In other words: another T cannot read on a write-lock, and another T cannot write on both a read and write lock.

Note that a T must lock all the objects it wants do read/write (growing phase) and then unlocking all of them (shrinking phase); in other words, T can lock, do stuff, lock more, do stuff as long as it wants, but after the first unlock it cannot lock anymore;  therefore this H is valid in 2LP

wl1[x] , wl1[y] , r1[x] , w1[x] , r1[y] , w1[y] , wu1[y] , wu1[x] 

whereas this one is not

wl1[x] , r1[x] , w1[x] , wu1[x] , wl1[y] , r1[y] , w1[y] , wu1[y]

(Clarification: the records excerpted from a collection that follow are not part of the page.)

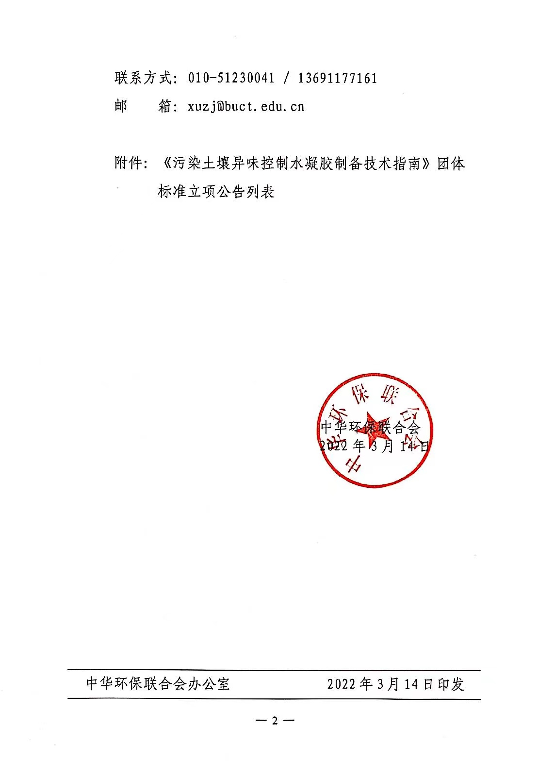 关于《污染土壤异味控制水凝胶制备技术指南》团体标准立项的公告
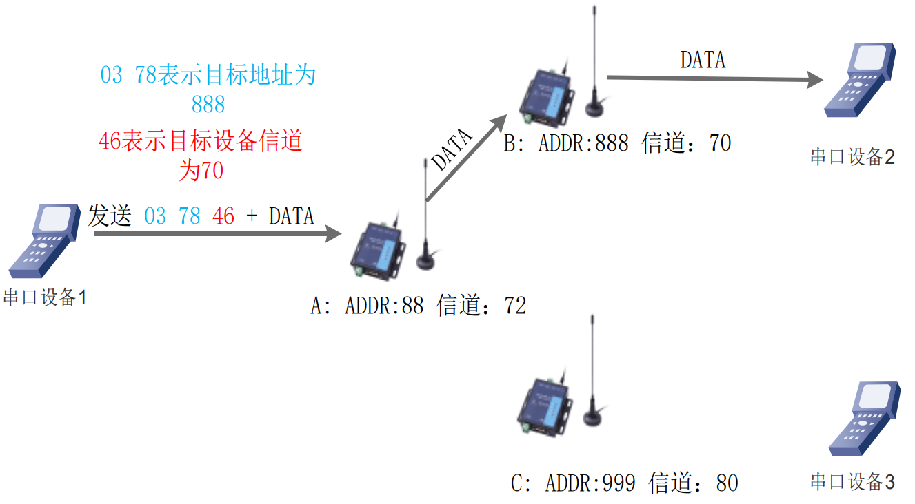 設(shè)備B:定點(diǎn)模式,速率8,信道70,目標(biāo)地址888。
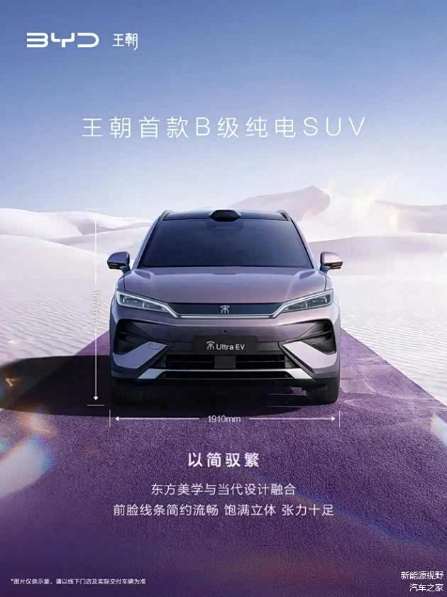 近日,比亚迪官方发布宋更大尺寸SUV——宋 Ultra官图,新车基于比亚迪e平台3.0打造的中型纯电SUV,将于2026年上半年亮相。动力上,搭载单电机后驱系统,最大续航可达710km,可选装激光雷达。
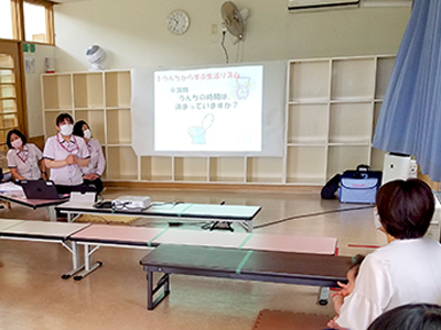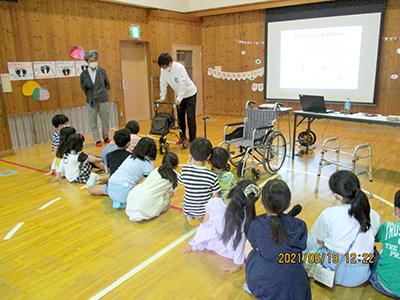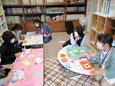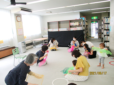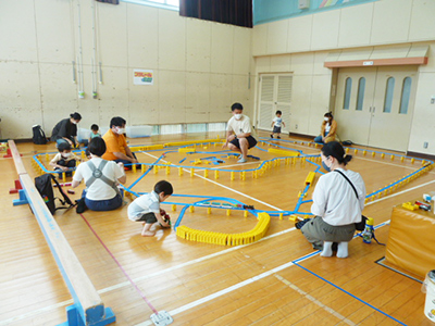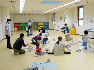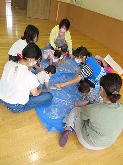 ギュギュっとひねってくぐらせて「飛ぶねずみ」と「ちょうちょ」を作りました。割れるのが怖くて耳をふさぐと、あら?作る手が足りないぞ?!ジュニアリーダーのお姉さんに手伝ってもらったり励ましてもらいながら頑張って風船をひねり、完成した「飛ぶねずみ」は可愛さもひとしお。誰が一番飛距離が出るか飛ばしっこを楽しみました。お次は5つの風船を順番に膨らませて組み合わせ…ふわふわ動く華やかなちょうちょの出来上がり!帰る前には岡本先生からのお土産もいただき、風船で大きく膨らんだカバンを持って笑顔で解散した参加者の皆さんでした。

However, even with 2LP there are stuff to watch out for:

Deadolock Detection

A deadlock between two Ts occurs when, for example, two Ts have a read lock on x, and the next step for both requires a write lock on x. T1 will be waiting for T2 to unlock and the other way around. An easy way to spot deadlocks is to draw a Wait-For Graph (WFG).

H1: r1[o1], w1[o1]
H2: r2[o1], w2[o1]

r1[o1], r2[o1] // deadlock

A deadlock between three Ts occurs when the cycle involves all of the, e.g. T1 -> T3 -> T2 -> T1. Example of a dreadlock history:

H1: w1[o1], r1[o2], r1[o4]
H2: r2[o3], r2[o2], r2[o1]
H3: r3[o4], w3[o4], r3[o3], w3[o3]

w1[o1], r2[o3], r2[o2], r1[o2], r3[o4], w3[o4], r3[o3] // deadlock

How to do it: write down all the conflict pairs, draw a deadlock graph and the plug the pieces in the right order.